実咲の声とギターとキーボードの静かな音、応戦のフルートとハーブが混ざったこの曲を聞いて泣く人もいた。
三曲目は生命の尊さを歌った曲だった。
「僕ら人間とて無数にある生命の一つなのです。言葉は通じないかもしれない、でも僕らと同じ思い、僕らと同じ世界を生きている仲間はたくさんいます」
実咲がそう言うと最後に「神様もね」と少しだけ笑って言った。
四曲目は俺が作詞、実咲が作曲した曲だ。
それは簡単に言えばいつまでもこの三人でいたい。という曲だった。
例え天国や楽園と呼ばれている場所でも自分がいるべき場所には、敵わないほどの魅力がある。もしそこに悲しみや苦しみがあっても、その感情や思いはその人を成長させ、その人をもっと、より良い人にしてくれる。
アダムとイブもエデンを離れて初めて生きることを知った。
俺はそう思った。
五曲目は一人だけ周りと違う‘‘自分‘‘を歌った曲だった。雅人が一人で作詞作曲をし、自分の生々しい思いを書いた。
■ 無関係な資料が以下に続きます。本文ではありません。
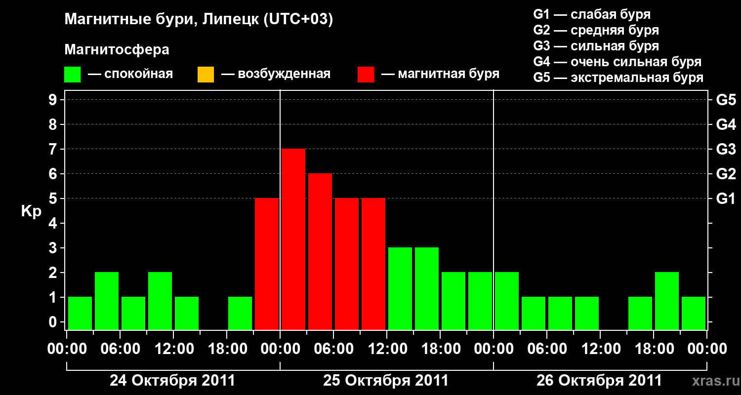 Изменения геомагнитного индекса Kp с 24 по 26 октября 2011 года для средних широт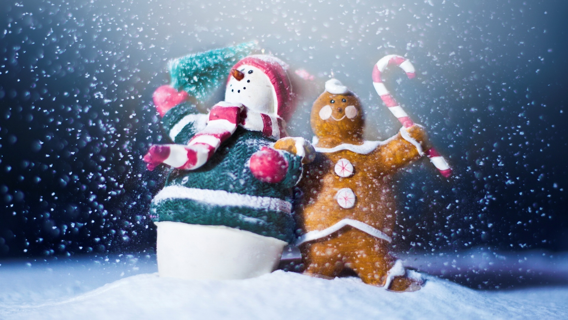 Скачать обои для рабочего стола Игрушечный снеговик с дружком и фото

「時々複雑な気持ちになるんです。恋ってのは本当に恐ろしくて、もう会えないとわかっていても思いは大きくなるんです」
「僕が月の光を嫌ってしまう理由もそこにあったのかもしれません」
そう言って雅人がギターを弾くと実咲が歌い始めた。
その後はニ十分休憩となり、各自自由に過ごすことになった。
「雅人、いい調子だぞ」
実咲は階段にひっそり座っていた俺の隣に座り、缶コーヒーを渡した。
俺は微笑んで「本当にそうだな」と頷いた。
「雅人さん!お呼びですよ」
ライブのスタッフが雅人を大きな声で呼んだ。
誰が読んでいるかちっとも見当がつかなかった為、少しだけ重い足取りで向かった。一度振り向いて「これ、ありがとね」と缶コーヒーを持ち上げて実咲に言った。
「どこですか?」
俺は当たりを見渡してスタッフに聞いた。
「こちらへ」
スタッフはそう一言言って、人がいない小さな林を指さした。
俺は少し困惑したが、とりあえずついて行くことにした。
林は真っ暗で僅かな電灯だけが頼りだった。
「あの、どちら様ですか?」
恐る恐る訊いてみた。先を歩くスタッフは聞こえなかったのかサクサクと黙って前を歩いた。
「はあ」
スタッフは大きなため息をついて、大きな切り株に腰を下ろした。
「君も座っていいよ」
スタッフはそう言って手を膝に乗せた。
俺は一度ぺこりとお辞儀をし、遠慮しながらも腰を下ろした。
「月へ行くのか坊や」
聞き覚えのある声でスタッフは言った。
あの時の女の人だった。
「あ、え、はい」
俺は慌てて返事をした。うまく状況が読み込めなかった。
女の人は被っていた帽子を取り、深く息をした。
「月は再び戦争に突入した」
女の人は目を細め深刻な顔で言った。
悲しみや苦しみのない世界での戦争ほど悲惨なものはないだろう。
「女王クララはどうなったんですか」
月への列車はもう出ない。そう悟った俺は先に質問をした。
女の人は下を向き、また深く細い息を吐いた。
「悲しい話になる。世には知らなくていい事もある」
女の人は俯いてそう言った。会場の方は賑やかだが、ここはまるで別世界だ。
俺は小さく頷いて「話してください」と言った。
「二年前の二月ごろ、月は戦争の時代へと突入していった、君も知っているだろ」
女の人は声を低くして言った。
「思い出せないんです、俺は戦争が始まった時何してたんすか」
俺は戦争を止めるはずの監察官であった自分への怒りと共に言った。
「監察官は皆、戦争の波に飲まれていった。悲しむこともなく、苦しむこともなく」
「ただ坊や、君を除いてだ」
女の人は顔を上げ、雅人の顔を見た。
「君は月でただ一人、生きようとした神様だった。そんな君を見てクララは君を地球へと送った」
「我々は知らぬうちに裏の月の人間を傷つけていた」
クララが俺を地球に・・?
一瞬意味が分からなくなったが、とあることに気がついた。
俺たちはいつも裏の月の人たちを‘‘悪魔‘‘と呼んでいた。
彼らは争い、喧嘩をし、時には傷つけあう。
しかし表の月も昔はそうだった。人々が神になる前、人はみんなそうだった。
死を失った表の月はいつの間にか生きることを失ってしまった。
欲しいものがなんでも手に入り、時間が好きなだけ使えるようになった人達はいつの間にか大切なものを失っていた。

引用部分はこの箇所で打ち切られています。